Our Take, With Doug Sheridan
The Economist writes, since the Industrial Revolution, rich countries have mostly grown faster than poor ones.
The Economist writes, since the Industrial Revolution, rich countries have mostly grown faster than poor ones. The two decades after around 1995 were an astonishing exception. Gaps in GDP narrowed, extreme poverty plummeted, and global public health and education improved vastly, with a big fall in infant mortality and a rise in school enrollment. Globalization played a big role.
Today, however, those miracles are a faint memory. Extreme poverty has barely fallen since 2015. Measures of global public health improved only slowly in the late 2010s, and then went into decline after the pandemic.
Depending on where you draw the line between rich and poor countries, the worst-off have stopped growing faster than richer ones, or are even falling further behind. For the more than 700MM people who are still in extreme poverty—and the 3 billion who are merely poor—this is all grim news.

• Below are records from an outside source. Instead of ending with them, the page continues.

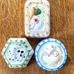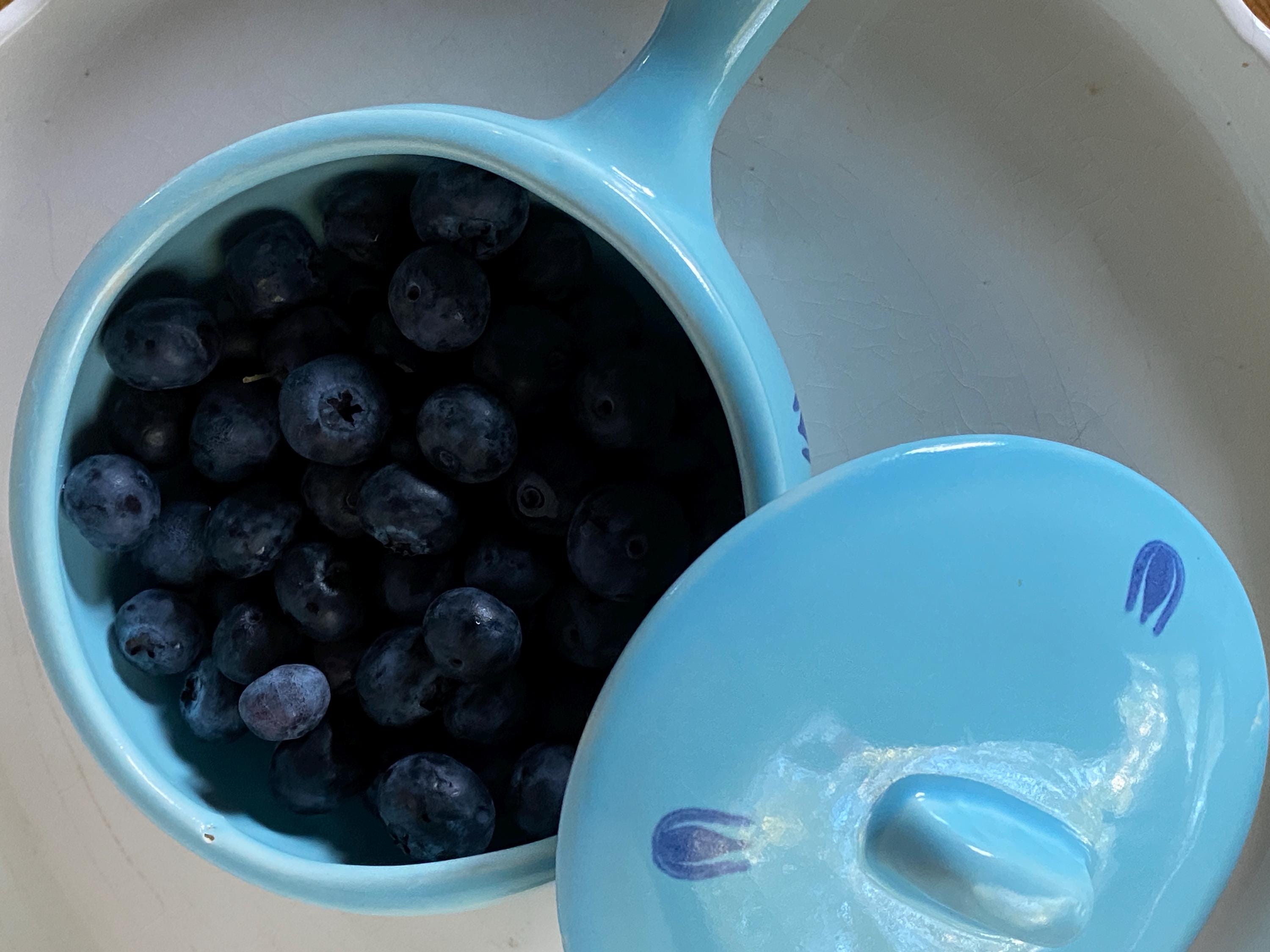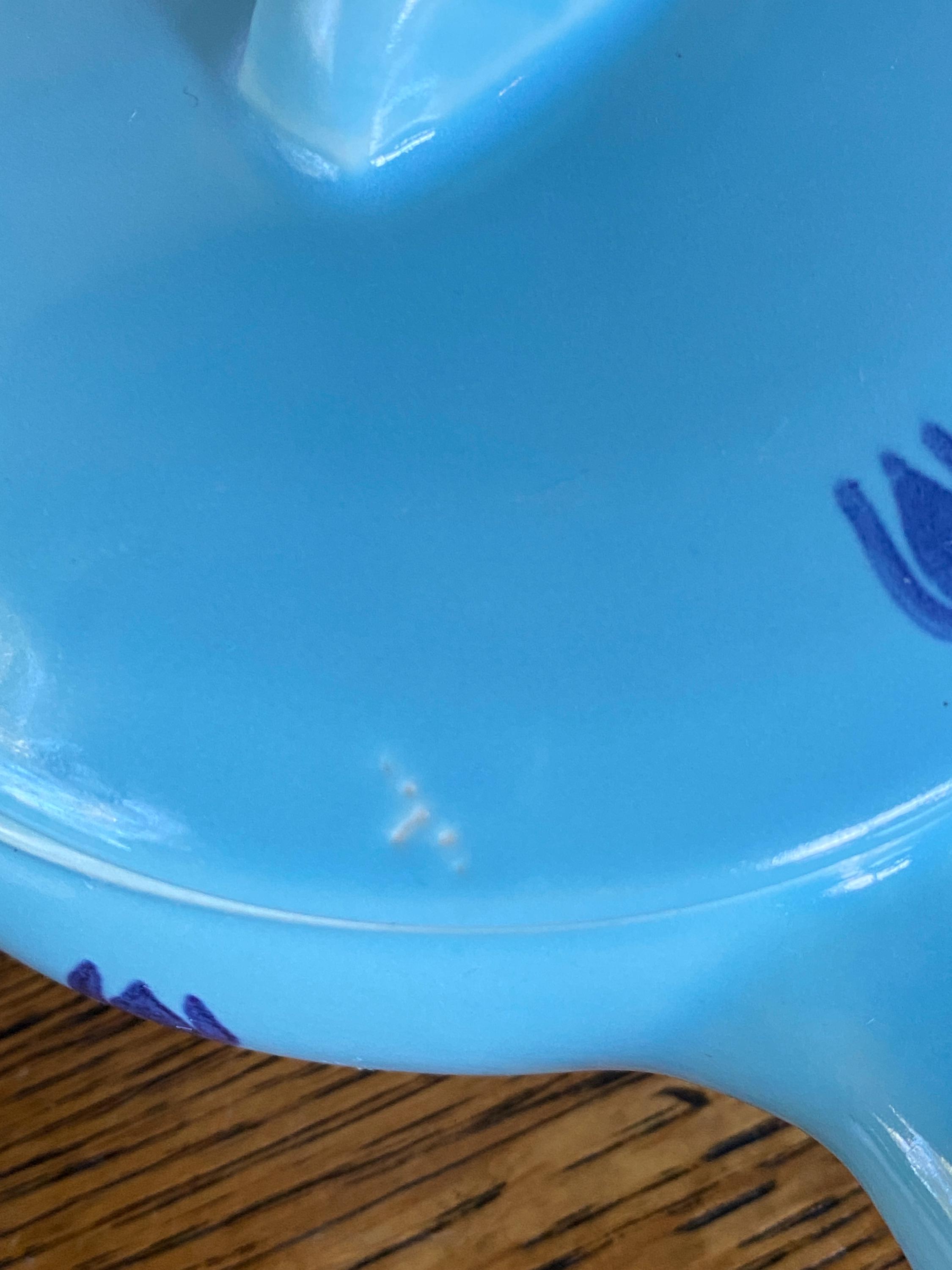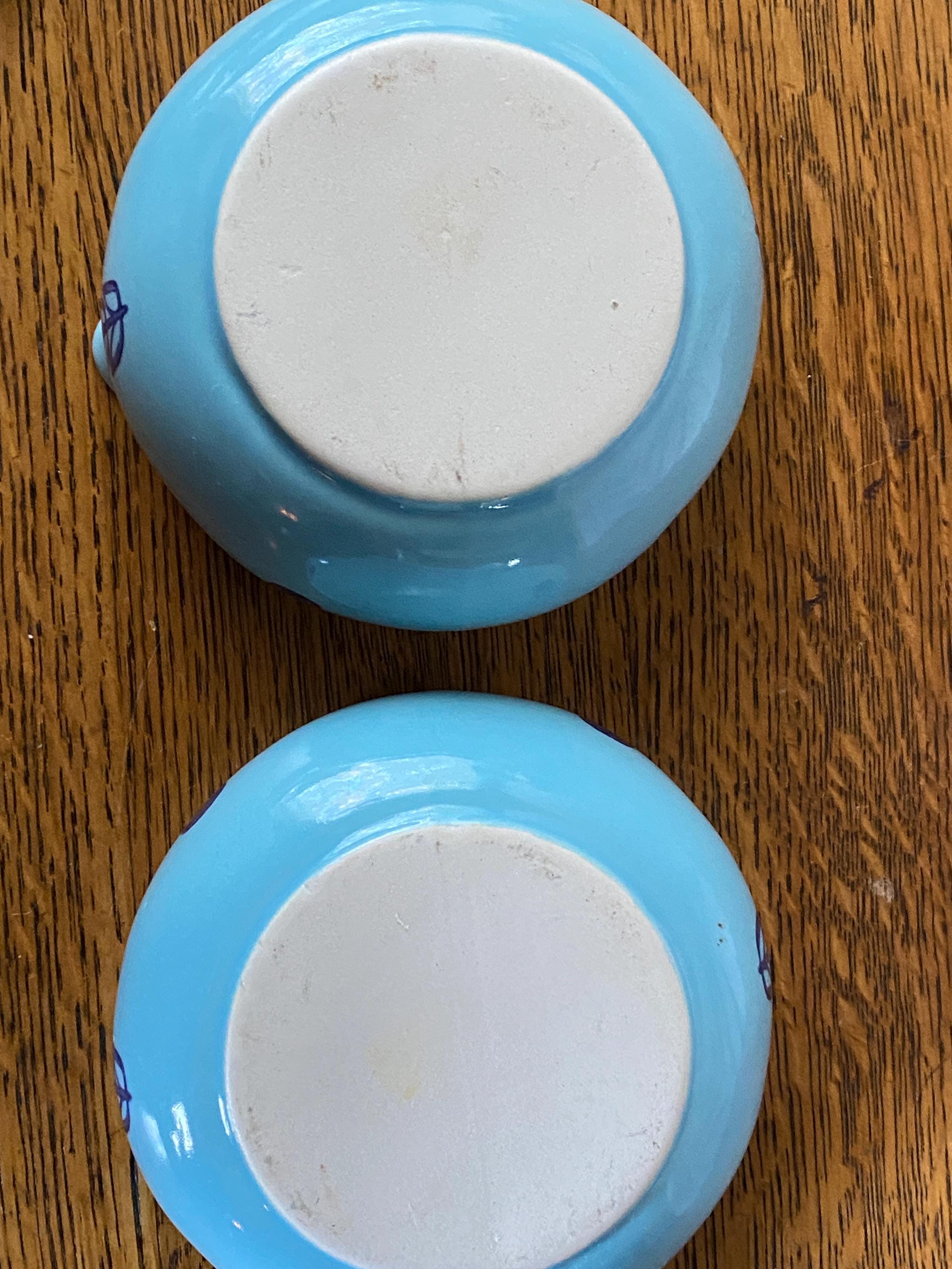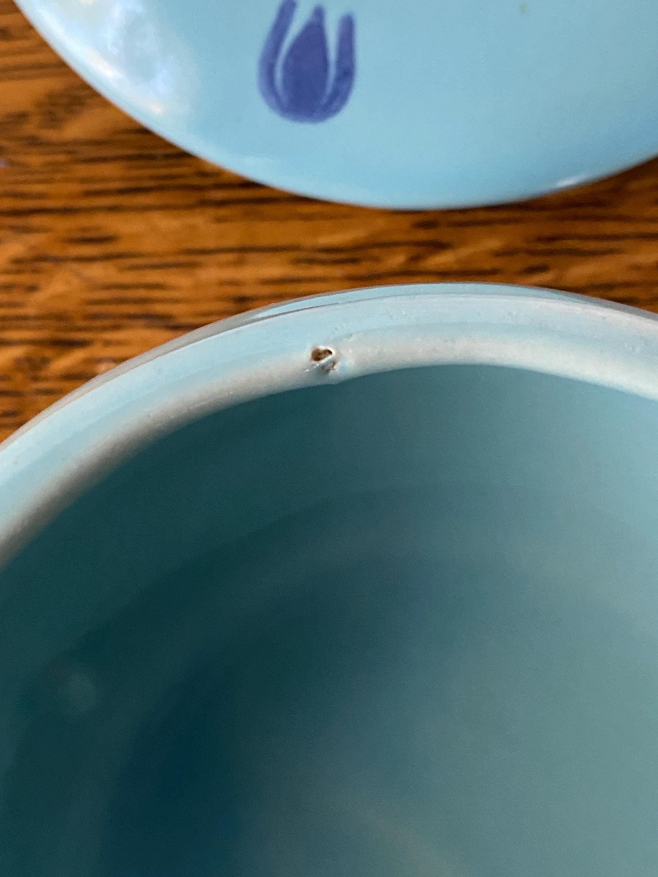 These mini lidded soup pots are just the right size for single servings of French onion or other baked foods. The light blue background and dark blue tulip pattern make them a charming, cheerful addition to a cozy, vintage kitchen. Some bubble/ glaze imperfections/ see last two photos for examples. Some wear/ rubbing on bottoms.
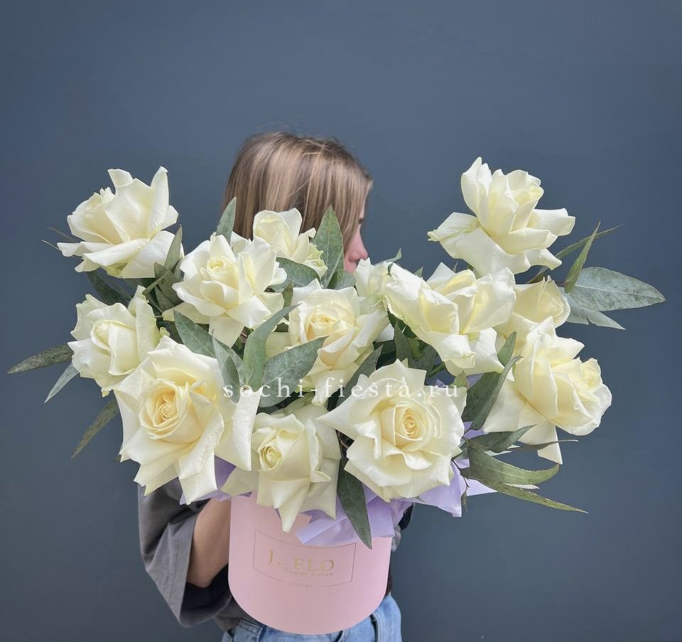 Французские розы собраны в плотную округлую форму, где каждый бутон раскрывается слоями. Веточка эвкалипта добавляет графичности общей композиции. Букет из одиннадцати роз держит форму и выглядит завершенно в авторской упаковке.
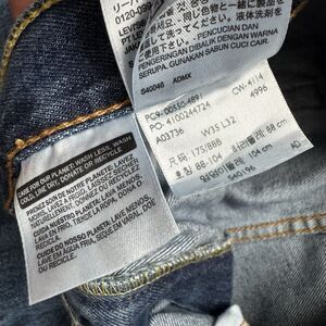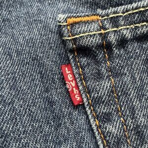 Classic Levis 550 Relaxed Fit Tapered Leg blue jeans in mens size W35 L32. Made from sturdy cotton denim with a high-rise fit and classic 5-pocket styling. Clean dark blue wash with Levis red tab and leather back patch intact. Pre-owned and in excellent condition with no holes, stains, or frays ready to wear.
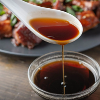 Pechuga de pollo asada al grill, glaseada con salsa teriyaki y ajonjolí.
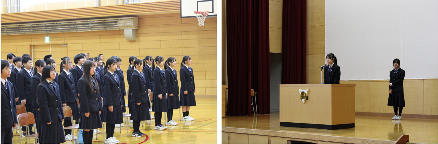 | 3学期始業式が行われました。新年を迎え、どの学年の生徒も元気に登校し、心身ともにたくましくなった様子が見られました。各学年の代表からは抱負が語られ、式後の生徒会集会では各委員長からも3学期の活動について説明がありました。 |

Much of the problem is due to a lack of focus on what works. The International Monetary Fund and The World Bank are juggling promoting reform and development with fighting climate change and other progressive causes. Aid budgets have been squeezed, hurting global public-health campaigns. Cash has been diverted from helping the poorest to greening power grids.
The biggest problem, though, is that home-grown reform has ground to a halt. With some notable exceptions, the world’s leaders are more interested in state control, industrial policy and protectionism than the examples of the 1990s—and it is no accident that such policies boost their own power.
In the past, Western ideas ideas spread because communism was proved backward compared to America’s prosperity and power. Today, poorer countries instead look to the Chinese model of industrial policy and state-owned enterprises, drawing entirely the wrong lessons from the country’s growth.
To Sum It Up: The world will pay for its failure to learn from history. Rich countries will cope, as they usually do, but conditions are in decline as gov'ts of all stripes reject the principles that powered a golden era. Nobody will suffer more as a result than the world’s poor.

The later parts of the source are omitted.